If you need a strong primary source, I would recommend the source referenced below: "Understanding Analysis" by Stephen Abbott. I consider it a more manageable book to start with.

THIS TEXT IS INTENDED TO BE READ IN "DARK MODE". Reading it in light mode shouldn't necessarily cause any problems, but the colored version may be more difficult to read, rather than less.

This textbook is my personal effort to make Real Analysis a more accessible course. It aims to take a pedagogy-first approach to mathematics: it concerns itself less with the most proper way of depicting mathematics, and instead leans into the intuitions and informal language that students are much more comfortable with.

The material is based on "Understanding Analysis" by Stephen Abbott, which, to the best of my knowledge, largely contains the same information as the traditional Real Analysis textbook, "Principle of Mathematical Analysis", by Walter Rudin. I chose this textbook as a basis because of its greater focus on accessibility: a feature I want to lean into with my own work.

As beautifully and concisely as Rudin's book is written, it is often too dense or borderline obtuse for a student fresh to Analysis, and especially one who does not possess prior 'mathematical maturity'.

Given that this course is often used to foster mathematical maturity at the same time, this seems like a student-unfriendly choice, and anecdotally, it is: many students give up on math at this point in their journey, despite having strong logical skills. They are often discouraged by jargon, heavily abstract ways of thinking, and material that is designed from the perspective of an experienced professor, not a fledgling math student.

Abbott's text, despite its strengths, is not consciously focused so much on this accessibility, either: its introduction suggests that it's more focused on the question of which topics that should be introduced to the student early, and things like that.
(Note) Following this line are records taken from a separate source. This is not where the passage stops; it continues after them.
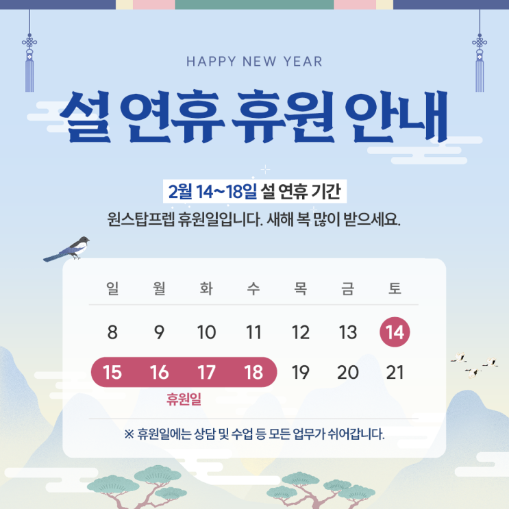 2026년 설 연휴 휴원일 안내 원스탑프렙 상담 및 수업 등 모든 업무가 아래 일정에 쉬어갑니다. 2026년 2월 14일(토) ~ 2월 18일(수) 새해 복 많이 받으세요! <img src="https://blogthumb.pstatic.net/MjAyNjAyMTNfMTYg/MDAxNzcwOTU2NzYwNDUz.ugW6YYfC4YiUXKUeJCKTgVc5XIXmcy3aav07AO38FpAg.c3omggl9_Cy14ZDjkxkYW3xGocM8DwZeZQJ5g-zSkPwg.PNG/OSP_2026-2%C8%DE%BF%F8%C0%CF%BE%C8%B3%BB_sns_26-02-13.png?type=s3" />
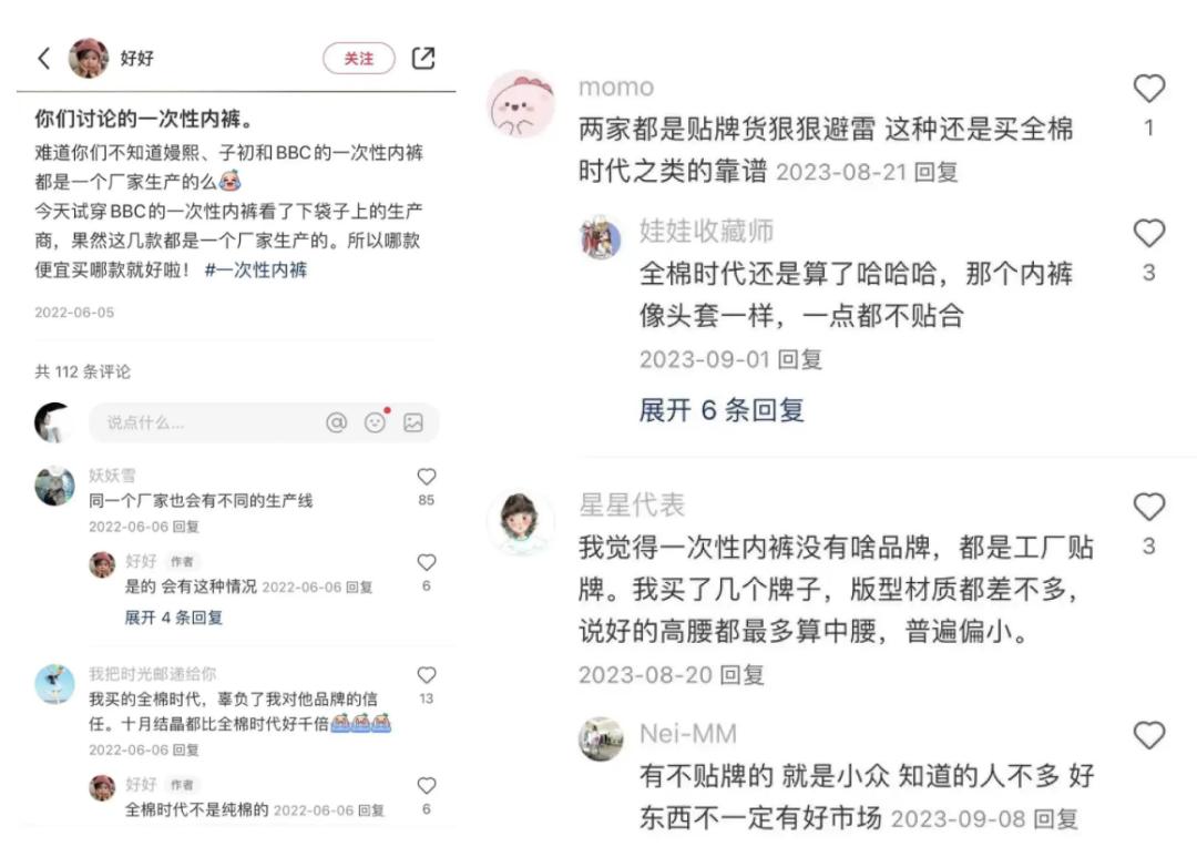 评论区两方也展开了激烈的辩论。一部分网友认为博主不该因某几个牌子就一棒子打死所有一次性内裤品牌,另一部分则表示自己深有感触,也曾在一次性内裤上吃过亏——
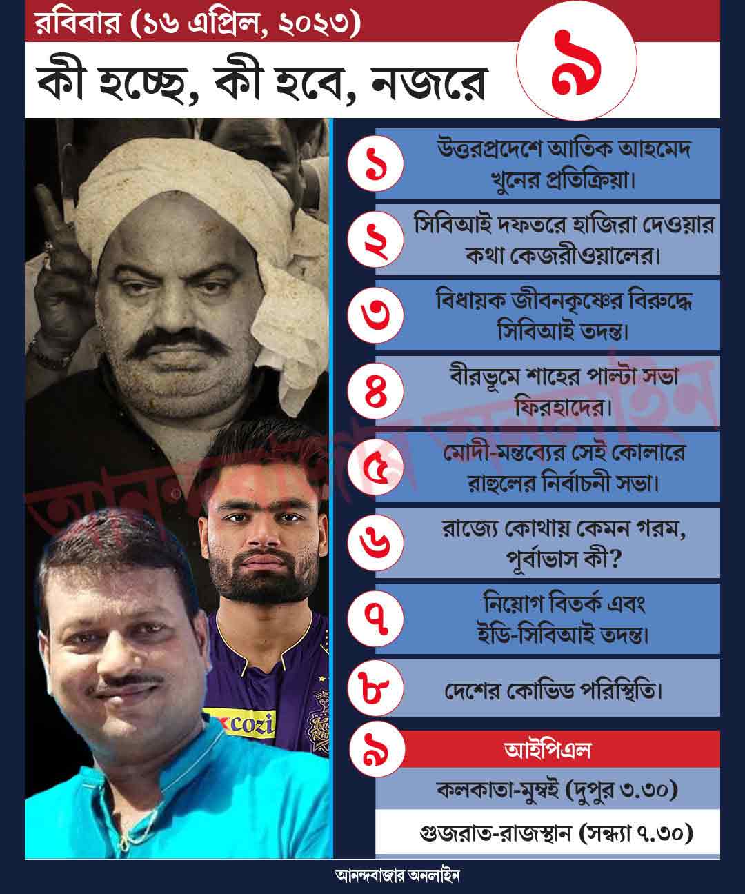 উত্তরপ্রদেশের প্রয়াগরাজে পুলিশের চোখের সামনে আততায়ীদের হাতে খুন হয়ে গেলেন গ্যাংস্টার আতিক আহমেদ এবং তাঁর ভাই আশরফ। আতিক এবং আশরফকে মেডিক্যাল পরীক্ষার জন্য নিয়ে যাচ্ছিল পুলিশ। হাসপাতালে যাওয়ার পথে হাঁটতে হাঁটতে সাংবাদিকদের সঙ্গে কথা বলছিলেন আতিক। সেই সময়ই আচমকা আতিকের মাথা লক্ষ্য করে গুলি করা হয়। আজ, রবিবার নজর থাকবে এই খবরের দিকে।

So, this textbook will face square the problem of introducing real analysis, in a way that feels more natural and concrete to new students.

Often in this text, traditionally concise proofs are "unpacked": at each step, we want to answer the question, "how could I have come up with that step on my own?" We suggest lines of inspiration, or the sort of problem-solving someone might use to develop their proof.

Students often come away from math feeling as if the words before them came from some genius they could never touch, and not just a mathematician using what they know in a clever way. This text hopes to pull back the curtain, and help a student figure out how they might write their next proof, and what sort of pitfalls might exist as they work. This way, they can see the inner workings of a proof, and not just the finished product.

Additionally, this text experiments with extensive coloring and highlighting of important or related words in a sentence: many different colors are used for different topics and ideas, in an informally and not fully consistent way. Coloring text like this is meant to make the textbook more easily legible, and to break up the walls of black and white. This is why dark mode is recommended. However, if these visual effects make you uncomfortable, or seem overwhelming, an uncolored version is provided.

This text is an ongoing project: at the time of writing this (11/28/2020), there is only 1 chapter of 8 written out. The author will continue to steadily advance through the text, hopefully over the next several months. Suggestions, corrections, or comments are welcome. Thank you for taking the time to read, and look into this little experiment.